The EU did not immediately publish their names. Washington and Brussels said more measures could follow in the coming days if Russia does not back down and formally annexes Crimea.
“Today’s actions send a strong message to the Russian government that there are consequences for their actions that violate the sovereignty and territorial integrity of Ukraine, including their actions supporting the illegal referendum for Crimean separation,” the White House said.
A senior Obama administration official said there was “concrete evidence” that some ballots in the Crimea referendum arrived in some Crimean cities pre-marked.
Speaking from the White House this morning, President Obama said, “as I told President Putin yesterday, the referendum in Crimea was a clear violation of Ukrainian Constitutions and international law, and it will not be recognized by the international community.”
Obama then went on to outline “a series of measures that will continue to increase the cost on Russia and on those responsible for what is happening in Ukraine.”
Among those measures are sanctions on a number of specific individuals and entities, as well as continued consultations with European partners on additional measures.
From Obama’s statement Monday (transcript from the Washington Post):
First, as authorized by the executive order I signed two weeks ago, we are imposing sanctions on specific individuals responsible for undermining the sovereignty, territorial integrity and government of Ukraine. We’re making it clear that there are consequences for their actions.

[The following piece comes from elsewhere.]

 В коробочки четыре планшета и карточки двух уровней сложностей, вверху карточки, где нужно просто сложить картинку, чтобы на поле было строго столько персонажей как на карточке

Second, I have signed a new executive order that expands the scope of our sanctions. As an initial step, I’m authorizing sanctions on Russian officials, entities operating in the arms sector in Russia, and individuals who provide material support to senior officials of the Russian government. And if Russia continues to interfere in Ukraine, we stand ready to impose further sanctions.
Third, we’re continuing our close consultations with our European partners, who today in Brussels moved ahead with their own sanctions against Russia.

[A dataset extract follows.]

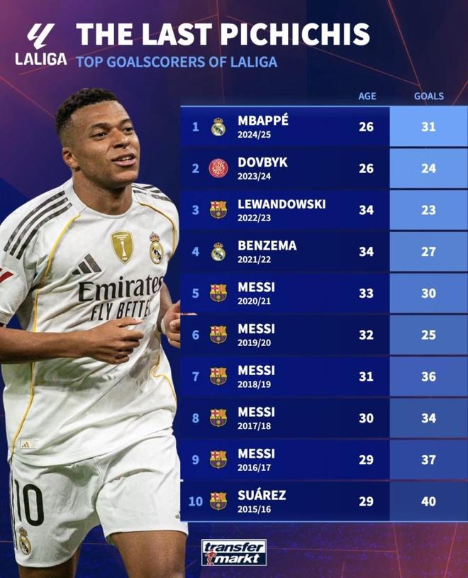 最近德国转会市场网站发布了近10年西甲皮奇奇得主榜单,姆巴佩、梅西、苏亚雷斯等顶级射手全部在列。刚拿到个人首座皮奇奇奖的姆巴佩,在皇马首季就踢出31球的成绩,单季效率已经能和梅西、苏亚雷斯的高光年份放在一起比较。有意思的是,如果把这组数据平移到梅西连拿皮奇奇的那些赛季,金靴的归属很可能会出现不一样的结果。(数据截至北京时间2025年11月25日法甲日报)

[…] Fourth, we’ll continue to make clear to Russia that further provocations will achieve nothing except to further isolate Russia and diminish its place in the world. The international community will continue to stand together to oppose any violations of Ukrainian sovereignty and territorial integrity, and continued Russian military intervention in Ukraine will only deepen Russia’s diplomatic isolation and exact a greater toll on the Russian economy.
The President closed by saying that he believed there was still a way to resolve the situation diplomatically to meet the interests of both Russia and Ukraine, under certain conditions.
“That includes Russia pulling its forces in Crimea back to their bases, supporting the deployment of additional international monitors in Ukraine and engaging in dialogue with the Ukrainian government, which has indicated its openness to pursuing constitutional reform as they move forward towards elections this spring,” Obama elaborated. He then promised, “we’re going to stand firm in our unwavering support for Ukraine.”